Data under study
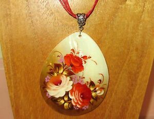 【送料無料】ジュエリー・アクセサリー ズショトヴォレッドペンダントオレンジホワイトロシアハルpendentif zhostovo rouge orange blanc grand fleurs russe main peint coque
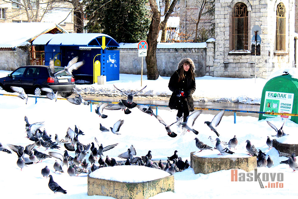 Момиче храни гълъбите в снега до църквата "Архангел Михаил" в Хасково.
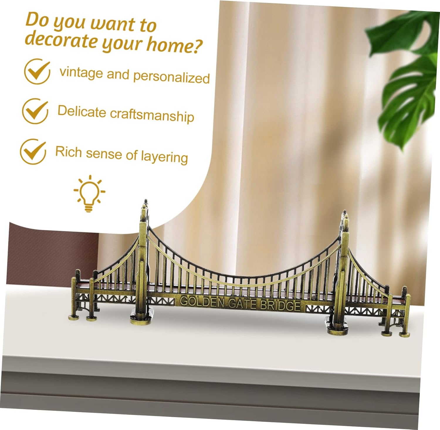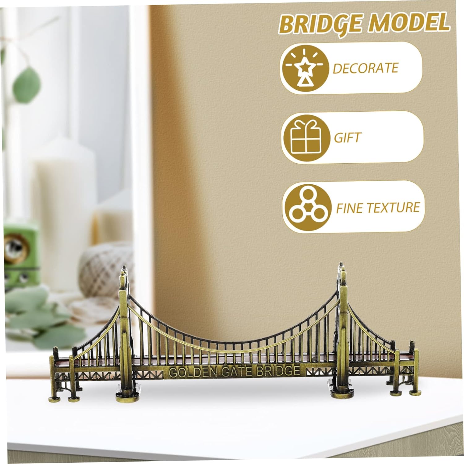 Souvenir della california: ottimo materiale: metallo golden gate bridge in rame modello 3d in metallo realizzato con materiali sani e rispettosi dell'ambiente, non preoccuparti di danneggiare la tua salute. Decorazioni natalizie vintage: il modello a ponte più lussuoso nel tuo luogo di decorazione, decorazioni natalizie, regali di festa per la amata. Giocattoli viaggio: giocattolo per costruire ponti per bambini: pregevole fattura e aspetto squisito, la sua popolarità e praticità. Accessori usa: realizzati con lavorazione retrò, la superficie è più attraente dopo la lavorazione artigianale. Giocattoli scrivania: il modello a ponte è perfetto per la decorazione della casa e dell'ufficio. adatto per feste, compleanni, anniversari, decorazione di eventi aziendali e altro ancora.
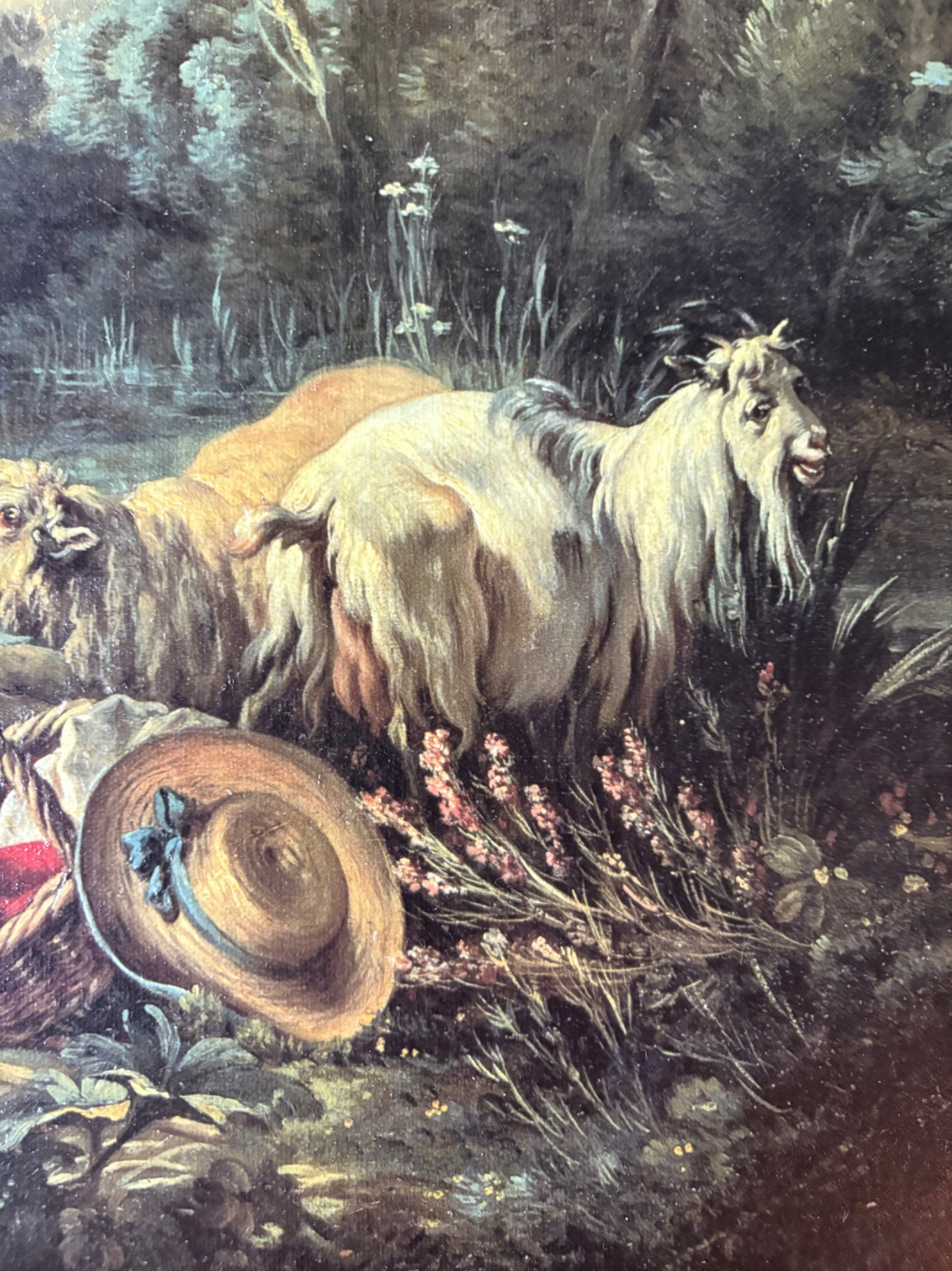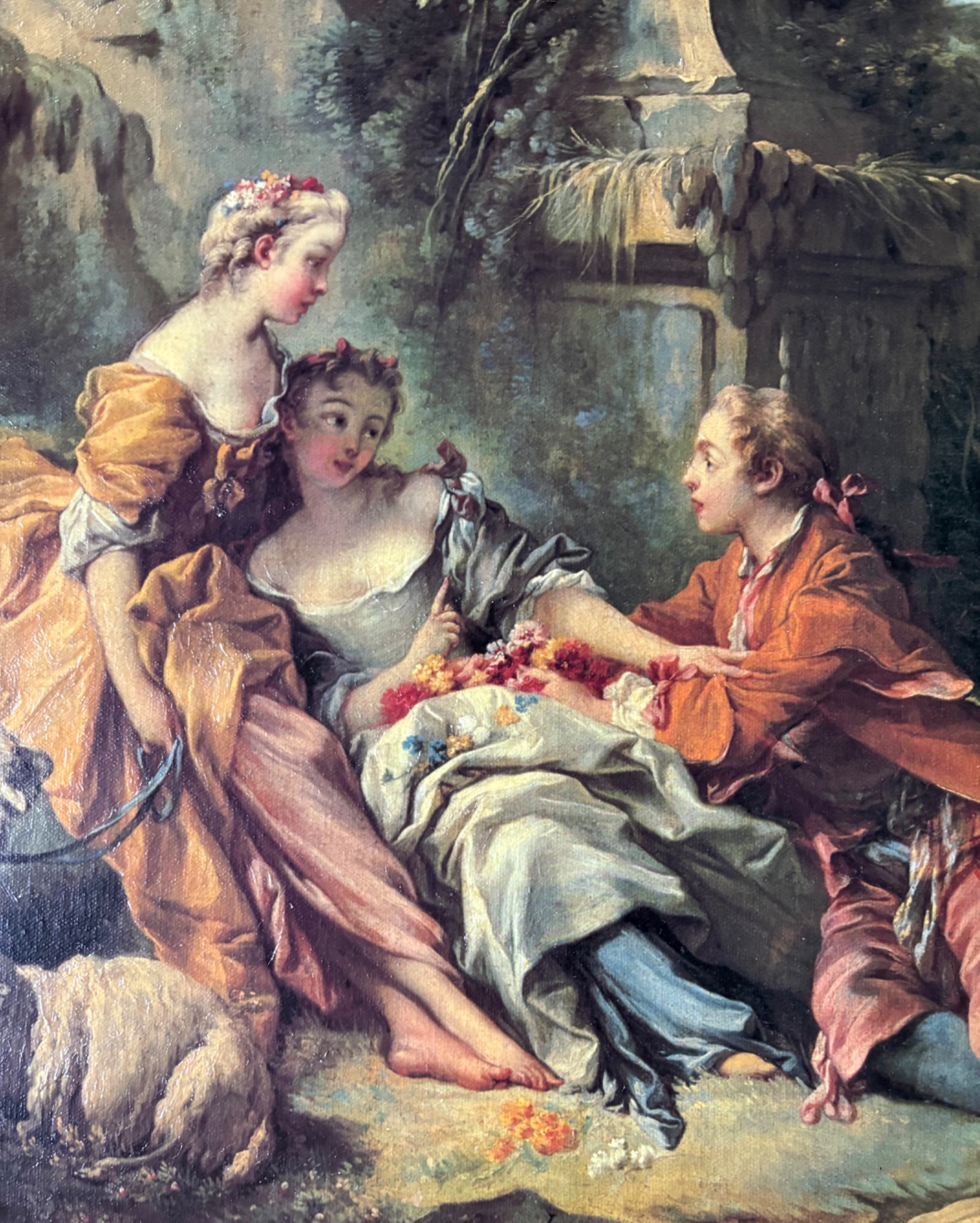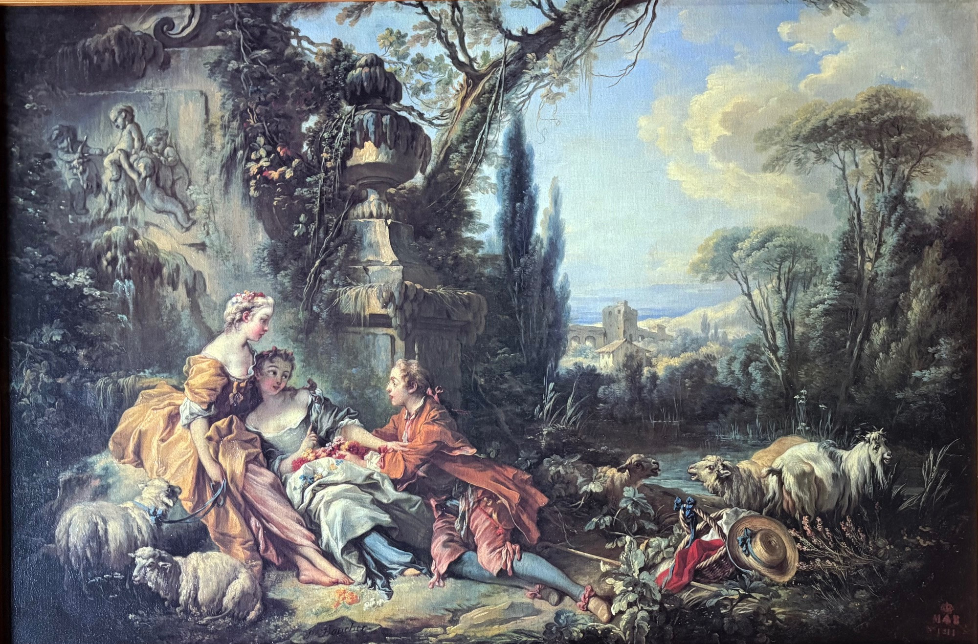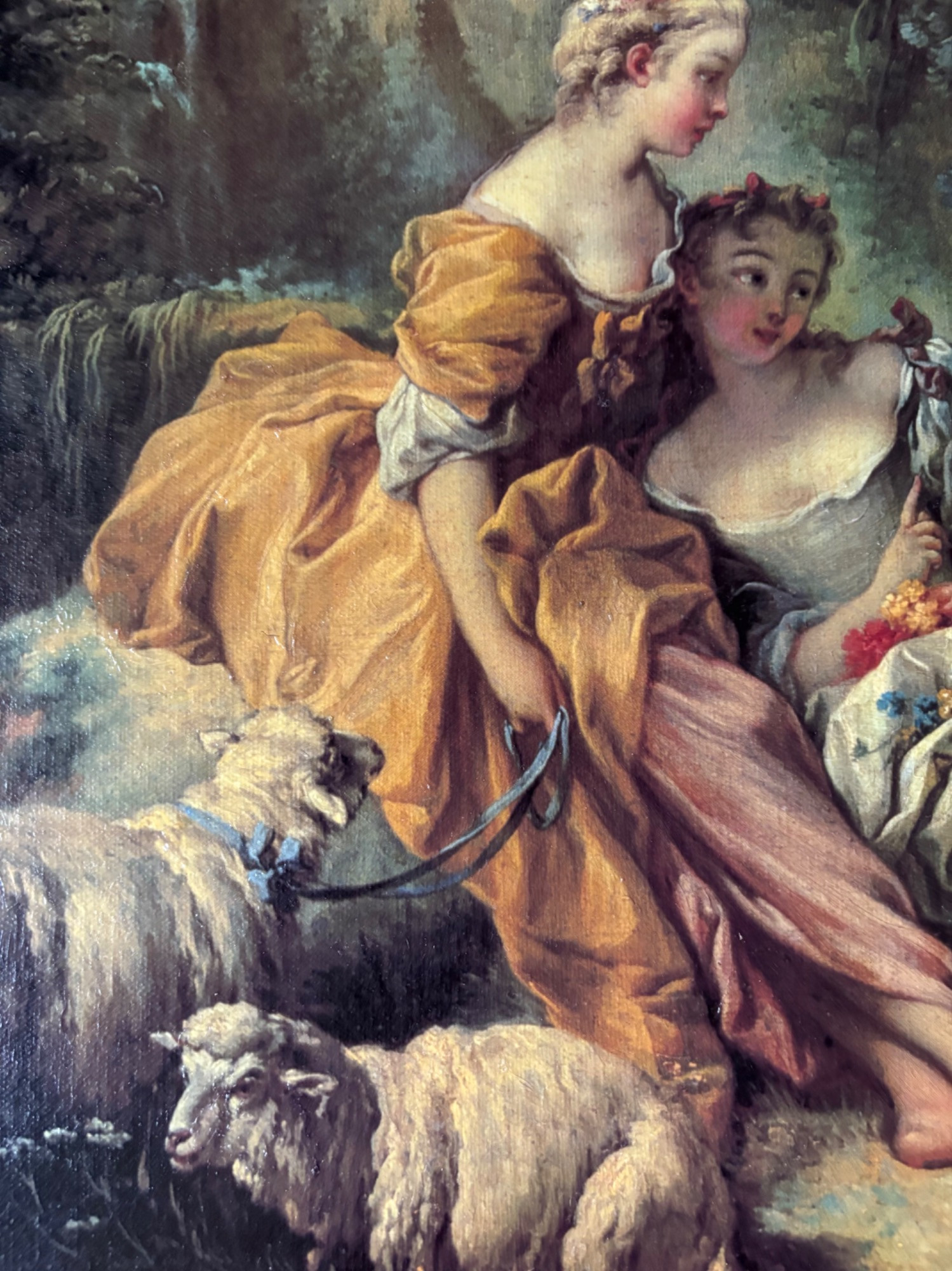 “Les Charmes De La Vie Champetre” by Francois Boucher (1703-1770). Reproduction painting on canvas with typical Boucher subject matter in ornate black and gold wood frame. Fairly large at about 2.5' high x 4' wide framed. From Around the Corner Fine Art of Virginia known for producing high quality reproductions & frames in the 1980s & 1990s (Sadly, they appear to have closed shop in the early 2000s). We found a catalogue offering many of the exact works our client owned that roughly aligns with our client's purchase dates (pre-internet when everything was phone ordered or mail ordered). For those curious about the original price range/production of the paintings, see catalogue info in photos below after the listing photos. Can be shipped FedEx.
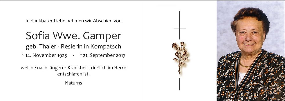 Den Trauergottesdienst für unsere liebe Verstorbene feiern wir am Samstag, den 23. September, um 14.30 Uhr, in der Pfarrkirche von Naturns. Anschließend begleiten wir sie auf den Ortsfriedhof zur letzten Ruhe.
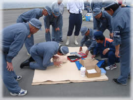 三池海上保安部と合同で、基本的な救助技術の習得と向上を図るために必要な訓練を行っています。(右写真は心肺蘇生法) |
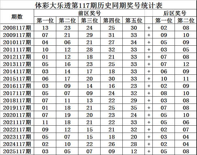 王守礼体彩大乐透第2025117期历史同期定位升重降号码分析:
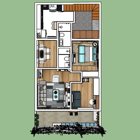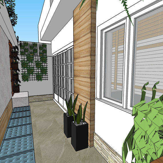 Idealizamos também um pequeno pátio reservado onde o único acesso se dá pela a suite do casal e pela a cozinha.
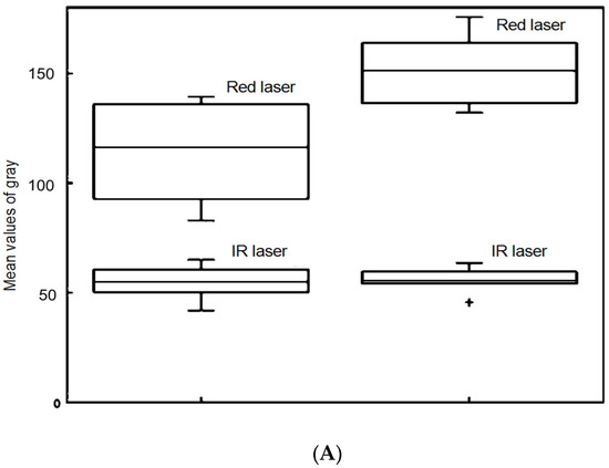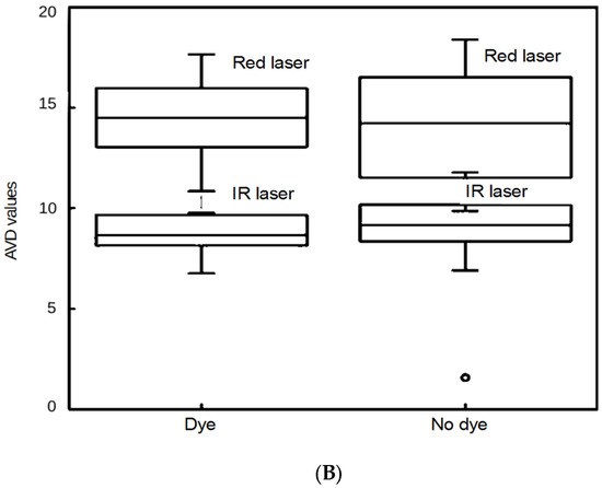 Box plot of (A) mean values of light intensity from the speckle histograms and (B) AVD values from the tip of the root inside dye and no-dye gels in a glass tube illuminated by red and IR lasers.
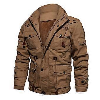 Men's Plus Velvet Thickened Midi Jacket with Zip, Extra Pockets, Softshell Work Jacket in Khaki, XXL Size for Outdoor Use
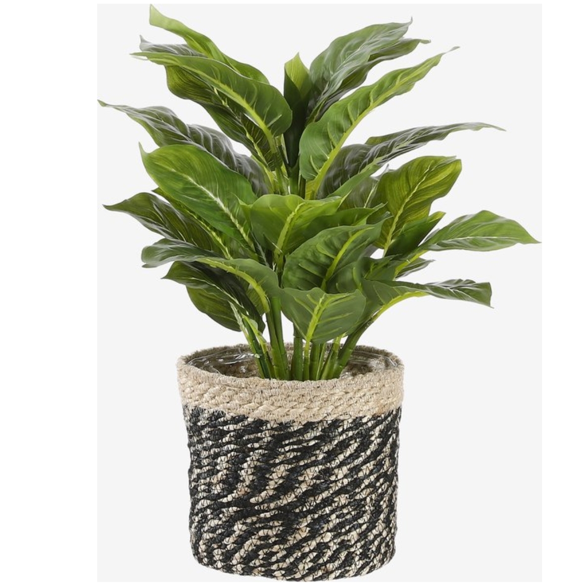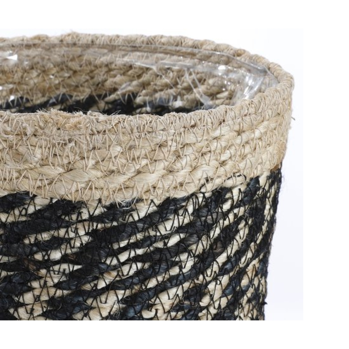 Dieser Korb mit einem Durchmesser von 20 cm hat eine Kunststoffauskleidung und ist daher für Pflanzen oder dekorative Zwecke geeignet. Der Bonaparte-Korb hat ein natürliches schwarzes Muster, das zu verschiedenen Einrichtungsstilen passt. Ideal als Pflanzen- oder Aufbewahrungskorb für kleine Accessoires.
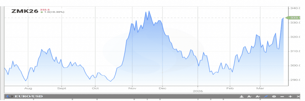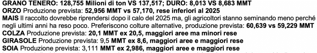 Mario Boggini – esperto di mercati cerealicoli nazionali e internazionali – (per contatti +39 338 6067872) – Valori indicativi senza impegno, soggetti a variazioni improvvise. Questa informativa non costituisce servizio di consulenza finanziaria ed espone soltanto indicazioni-informazioni per aiutare le scelte del lettore, pertanto qualsiasi conseguenza sull’operatività basata su queste informative ricadono sul lettore.
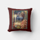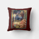 Patriotic Christmas throw pillow with a view of the Nativity scene in a stained-glass Church window and the American Flag draped over the Bible down in front of the window.
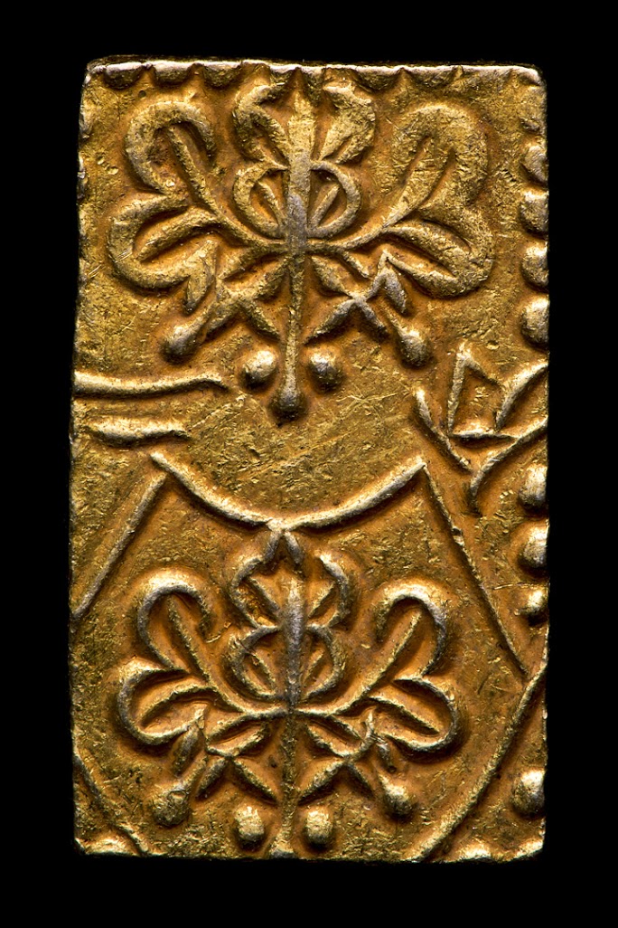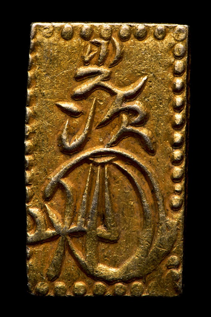 Minted from the early 17th century until just after the fall of the Tokugawa shogunate in 1869. Feudal Japanese gold coins are remnants of a time when Japan was still largely agrarian, feudal and isolated. At this point in its history, Japan was ruled by traditional samurai lords who had cultivated their warrior philosophy for more than a millennium. The Japanese word for silver is "gin" and their word for gold is "kin". Therefore, a one bu silver coin would be called an ichibu gin, which translates as "one-bu silver". Likewise, a similar one bu coin in gold would be called an ichibu kin, or "one-bu gold". Most Tokugawa period Japanese gold coins available in the market today are smaller one (ichi) or two (ni) shu or bu denominations. These coins are called isshu-kin (one-shu gold), nishu-kin (two-shu gold), ichibu-kin (one-bu gold) and nibu-kin (two-bu gold), respectively. These smaller shu and bu Japanese gold coins from the Tokugawa shogunate have an unusual rectangular shape surrounded by finely beaded borders that is reminiscent of a miniature bar or ingot. Covered in exotic Japanese calligraphy and stylized paulownia flowers, shu and bu gold coins unequivocally exude the style of traditional samurai Japan.

Problem details
Start at the line containing "Idealizamos também um" above and stop at the line containing "Men's Plus Velvet". Output those lines exactly, both included, but none of the pictures.

Exercise response
 Idealizamos também um pequeno pátio reservado onde o único acesso se dá pela a suite do casal e pela a cozinha.
 Box plot of (A) mean values of light intensity from the speckle histograms and (B) AVD values from the tip of the root inside dye and no-dye gels in a glass tube illuminated by red and IR lasers.
 Men's Plus Velvet Thickened Midi Jacket with Zip, Extra Pockets, Softshell Work Jacket in Khaki, XXL Size for Outdoor Use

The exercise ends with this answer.